В тот момент я как раз проходил мимо двери и, испугавшись за любимую, попытался прислонить ухо к двери. Первым звуком, что я услышал оттуда, были тяжелые приближающиеся шаги. И я едва сумел отпрыгнуть от двери, когда она открывалась.
– А, ты уже тут как тут, на стреме! – улыбнулся мне крупный мужчина в синем хирургическом костюме.
– А где ж мне еще быть?
– Справедливо. – Мужчина устало оперся о дверной проем и потер переносицу двумя пальцами.
– Да не томите, вы! Что с ней? – взмолился я.
– Ой, забыл. Поздравляю, папаша! – спохватился он. – Как и обещали – дочка. Три семьсот, пятьдесят четыре сантиметра.
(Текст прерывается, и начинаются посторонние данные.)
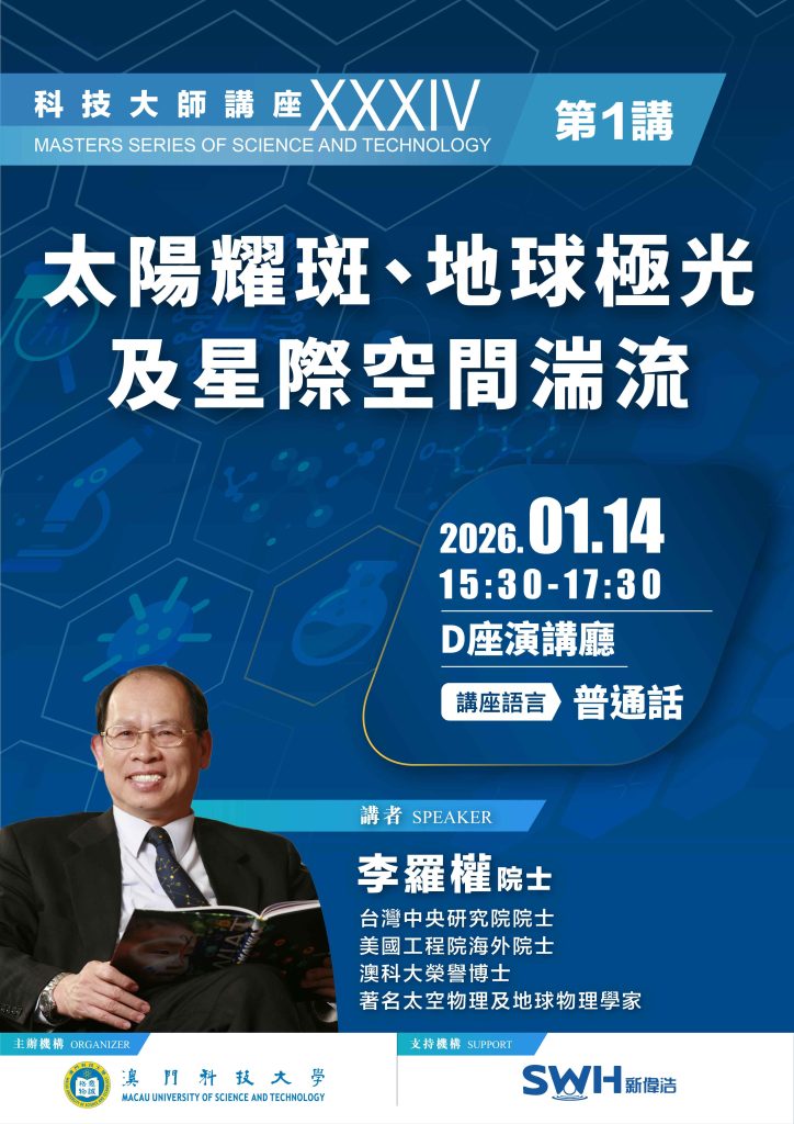 【環球新聞報訊】由澳門科技大學主辦,新偉浩進出口貿易有限公司支持的本學期第一場科技大師講座將於1月14日(週三)下午15:30在大學D座演講廳舉行,台灣中央研究院院士、美國工程院海外院士、澳科大榮譽博士、著名太空物理及地球物理學家李羅權院士主講。

Здорова и хороша собой.
У меня на секунду отлегло, но тут вдруг тревога вновь вернулась.
– А почему она не плачет?
– Ну, она, как бы, тоже целые сутки работала, чтобы на свет появиться. Устала очень, вон лежит спокойно на маме, ест.
– А супруга? Как она? – не мог уняться я.
– Не могу сказать, что все прошло без сучка и задоринки, но она в полном порядке. Сейчас с ребенком и мамой проделают необходимые манипуляции, и сможешь зайти поздороваться… Так, стоп, а это что такое? – сказал врач, удивленно смотря на тестя.
– Это папа роженицы. – Замялся я. – Он тут вообще уже давно лежит.
– Ну и бардак тут у нас. – Расстроенно покачал головой врач. – Чаем-то тебя успели напоить?
– Нет еще.
– Да тебе везет, однако! – раскатисто рассмеялся мужчина. – Ладно, ты там давай начинай всех обзванивать. Как закончим, я тебя приглашу. Можешь расслабиться, все в порядке!
Дверь за врачом закрылась, и я какое-то время просто смотрел на нее. Затем я улыбнулся и начал как умалишённый повторять последнюю фразу, сказанную врачом. Все в порядке. Все в порядке. Все в порядке.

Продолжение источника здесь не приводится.